In the comments on my last post covering the opportunities for news organisation in location services and technologies, Reg Chua, the Editor-in-Chief of the South China Morning Post, had this insight:

Kevin’s point on prioritization is a critical one. We can’t do everything well; in fact, we can’t do everything, period. I’d argue that we should think about the product we want to come out with first – and then figure out what data is needed to make it work. I realize that leaves some value on the table, but I suspect we all need to specialize more if we’re to really create products that have real value.

For the news organisations that I’m working with now in developing their digital strategies, one of the things that I look at is where they have the most opportunity. I agree with Reg that there are a number of opportunities in terms of creating products using data, and I also think that data is important in determining which products to develop. News organisations need to get serious about looking at what their audiences find valuable, digging into their own metrics. Right now, we’ve got a lot of faith-based decision making in media. It’s critical that we begin to look at the data to help determine what new products we should deliver and how we can improve our existing offering.

For a good start on this kind of thinking, Jonathan Stray wrote an excellent post last year, Designing journalism to be used. He wrote:

Digital news product design has so far mostly been about emulation of previous media. Newspaper web sites and apps look like newspapers. “Multimedia” journalism has mostly been about clicking somewhere to get slideshows and videos. This is a little like the dawn of TV news, when anchors read wire copy on air. Digital media gives us an explosion of product design possibilities, but the envisioned interaction modes have so far stayed mostly the same.

This is not to say that the stories themselves don’t need to change. In fact, I think they do. But the question can’t be “how can we make better stories?” It must be “who are our users, what would we like to help them to do, and how can we build a system that helps them with that?”

Josh Benton of the Nieman Lab says that we have an opportunity to rethink the grammar of journalism during this period of transition in the business. Jonathan and Reg are definitely thinking about rethinking the grammar and rethinking the products that we create. Digital journalism is different, and the real opportunity is in thinking about how its different and how that creates new opportunities both to present journalism and support it financially.

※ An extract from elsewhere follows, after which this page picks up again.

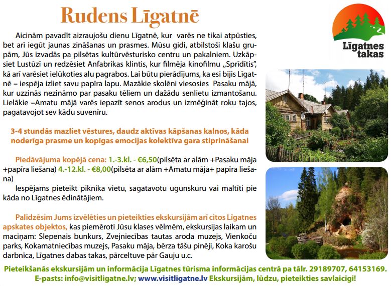 - Ekskursijas uz Līgatni (1 maršruts). Informāciju skatīt šeit!

Opportunities from the data deluge

There are huge opportunities for journalism and data. However, to take advantage of these opportunities, it will take ?not only a major rethinking in the editorial and commercial strategies that underpin current journalism organisations, but it will take a major retooling. Apart from a few business news organisations such as Dow Jones, The Economist and Thomson-Reuters, there really aren’t that many general interest news organisations that have this competency. Most smaller organisations won’t be able to afford it on an individual level, but it leaves room for a number of companies to provide services for this space.

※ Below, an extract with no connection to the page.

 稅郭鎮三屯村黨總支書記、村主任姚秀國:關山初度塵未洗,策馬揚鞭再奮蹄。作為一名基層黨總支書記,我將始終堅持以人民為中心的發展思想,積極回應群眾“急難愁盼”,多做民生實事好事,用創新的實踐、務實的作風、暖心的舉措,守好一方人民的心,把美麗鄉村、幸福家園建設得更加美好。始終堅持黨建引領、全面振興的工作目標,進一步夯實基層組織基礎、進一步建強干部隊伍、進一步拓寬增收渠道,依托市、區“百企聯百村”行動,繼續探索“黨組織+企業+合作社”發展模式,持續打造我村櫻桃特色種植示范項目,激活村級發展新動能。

Neil Perkin outlines the challenge and the opportunity in a wonderful column that he’s cross-posted from Marketing Week. (Tip of the blogging hat to Adam Tinworth, who flagged this up on Twitter and on his blog.) In our advanced information economies, we’re generating exabytes of data. While we’re just getting used to terabyte disk drives, this is an exabyte:

1 EB = 1,000,000,000,000,000,000 B = 1018 bytes = 1 billion gigabytes = 1 million terabytes

To put this in perspective, I’ll use an oft-quoted practical example from Caltech researcher Roy Williams. All the words ever spoken by human beings could be stored in about 5 exabytes. Neil quotes Google CEO Eric Schmidt to show the challenge (and opportunity) that the data deluge is creating:

Between the dawn of civilisation and 2003, five exabytes of information were created. In the last two days, five exabytes of information have been created, and that rate is accelerating.

All the words spoken since the dawn of language in 5 exabytes or the amount of information created in the last two days helps illustrate the acceleration of information creation. Those mind-melting numbers wash over most people, especially in our arithmophobic societies. However, there is a huge opportunity here, which Neil states as this:

The upside of the data explosion is that the more of it there is, the better digital based services can get at delivering personal value.

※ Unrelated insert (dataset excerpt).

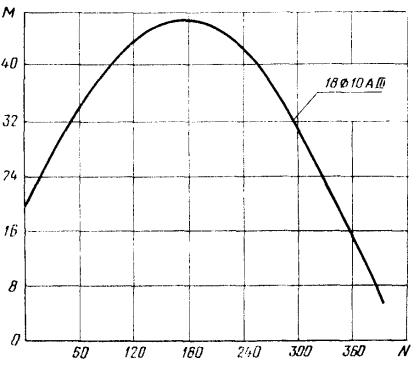 На графиках приняты обозначения: N - нормальная сила, тс, и М - изгибающий момент, относительно оси сваи или сваи-оболочки, т×см, передаваемые на сваю или сваю-оболочку при эксплуатации здания или сооружения. Предполагается, что свая или свая-оболочка по всей длине находится в грунте и ее продольный изгиб не учитывают.

And journalists can and definitely should play a role in helping make sense of this. However, we’re going to have to overcome not only the tyranny of chronology but also the tyranny of narrative, especially narratives that prejudice anecdote over data. Too often to sell stories, we focus on outliers because they shock, not because outliers are in any way representative of reality.

From a process point of view, journalists are going to need to start getting smarter about data. I think data crunching services will be one way that journalism organisations can subsidise the public service mission that they fulfil, but as I have said, it’s a capacity that will need to be built up.

Helping journalists ‘scale up what they do’

It’s not just raw data-crunching that needs to improve, but we’re starting to see a lot of early semantic tools that will help more traditional narrative-driven journalists do their jobs. In talking about how he wanted to help journalists at AOL overcome their technophobia, CEO Tim Armstrong talked about why these tools were necessary. Journalists have not been included in corporate technology upgrades (and often not included in creation of tools for their work). Armstrong said at a conference in June:

Journalists I met were often the only people in the room who never had access to a lot of info, except what they already knew.

It’s not technology for technology’s sake but tools to open up more information and help them make sense of it. Other industries have often implemented data tools to help them do their jobs, but it’s rare in journalism (outside of computer-assisted reporting or database journalism circles). Armstrong said:

You can pretty much go to any professional industry, and there’s some piece of data system that helps people scale what they do.

Journalists are being asked to do more with less as cuts go deep in newsrooms, and we’re going to have to work smarter because I know that there are some journalists now working to the breaking point.

There have been times in the last few years when I testing the limits of my endurance. Last summer, filling in behind my colleague Jemima Kiss, I was working from 7 am until 11 pm five days a week and then usually five or six hours on the weekends. I could do it for a while because it was a limited 10-week assignment. Even for 10 weeks, it was limiting the amount of time I had with my wife and was negatively affecting my health.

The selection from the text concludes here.